Support Questions
Find answers, ask questions, and share your expertise
Check out our newest addition to the community, the Cloudera Innovation Accelerator group hub.

Below services on what node to be installed.


While i was installing HDP 2.5.3, in the 'install services' section, i was asked to select below services on nodes in the cluster.

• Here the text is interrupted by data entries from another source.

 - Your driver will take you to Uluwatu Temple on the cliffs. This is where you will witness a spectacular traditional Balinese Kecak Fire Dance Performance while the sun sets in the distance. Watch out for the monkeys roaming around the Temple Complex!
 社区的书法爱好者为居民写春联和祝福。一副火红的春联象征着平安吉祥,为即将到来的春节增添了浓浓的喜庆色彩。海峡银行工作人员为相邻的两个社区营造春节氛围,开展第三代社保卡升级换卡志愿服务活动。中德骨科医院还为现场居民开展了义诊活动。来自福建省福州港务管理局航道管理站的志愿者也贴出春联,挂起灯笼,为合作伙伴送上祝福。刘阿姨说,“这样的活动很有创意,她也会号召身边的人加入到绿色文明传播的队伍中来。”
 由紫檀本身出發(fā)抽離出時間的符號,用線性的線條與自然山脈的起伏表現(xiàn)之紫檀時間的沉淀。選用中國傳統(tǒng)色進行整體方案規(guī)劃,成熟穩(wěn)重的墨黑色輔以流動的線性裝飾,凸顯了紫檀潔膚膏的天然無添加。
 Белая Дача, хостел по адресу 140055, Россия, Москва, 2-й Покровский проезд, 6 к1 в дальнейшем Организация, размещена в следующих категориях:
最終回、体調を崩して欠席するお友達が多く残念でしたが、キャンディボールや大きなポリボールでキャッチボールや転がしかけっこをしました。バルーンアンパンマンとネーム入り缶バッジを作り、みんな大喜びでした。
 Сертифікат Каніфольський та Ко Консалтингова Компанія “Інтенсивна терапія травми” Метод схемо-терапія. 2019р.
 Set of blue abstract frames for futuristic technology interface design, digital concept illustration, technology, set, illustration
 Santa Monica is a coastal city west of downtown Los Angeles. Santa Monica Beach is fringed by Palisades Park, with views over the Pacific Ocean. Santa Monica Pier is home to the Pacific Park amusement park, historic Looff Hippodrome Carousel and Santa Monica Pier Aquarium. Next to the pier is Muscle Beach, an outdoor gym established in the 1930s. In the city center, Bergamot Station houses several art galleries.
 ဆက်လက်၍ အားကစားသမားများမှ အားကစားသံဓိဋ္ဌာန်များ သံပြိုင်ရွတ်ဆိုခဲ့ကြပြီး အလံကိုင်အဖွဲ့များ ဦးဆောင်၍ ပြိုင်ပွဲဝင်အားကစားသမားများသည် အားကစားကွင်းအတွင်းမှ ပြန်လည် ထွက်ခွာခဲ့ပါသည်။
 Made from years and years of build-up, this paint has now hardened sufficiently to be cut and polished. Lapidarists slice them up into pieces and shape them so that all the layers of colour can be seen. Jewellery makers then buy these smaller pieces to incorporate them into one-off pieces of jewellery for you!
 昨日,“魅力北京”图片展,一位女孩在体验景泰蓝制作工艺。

But am not sure about below services to be installed on what node(Master, data, edge).

1. Phoenix Query Server

2. Supervisor

3. Flume

4. Accumulo TServer

5. Livy Server

6. Spark Thrift Server

Could any one clarify, the services to be installed on what type of node and on how nodes does the service needs to be running.


Super Collaborator

The answer here depends heavily on what services you need, what hardware is available, and how frequently you will use them.

Flume Agents are minimal and mostly collect logs.

Livy is just a web API for Spark, but it does maintain SparkContexts and starts with 2GB heap by default.

Supervisor is a Storm process. (I don't know much about Storm)

Spark, Phoenix Query, and Accumulo Thrift Servers should ideally be separated for the respective query processing. Install multiple of each to provide failover.

If you are limited by servers, then use your best judgement about what is the most critical piece of your architecture, then set explicitly dedicated hardware pools to that. For the rest, as long as you have the available cpu/memory/disk to run additional processing with little overheard, then you can combine services with minimal impact.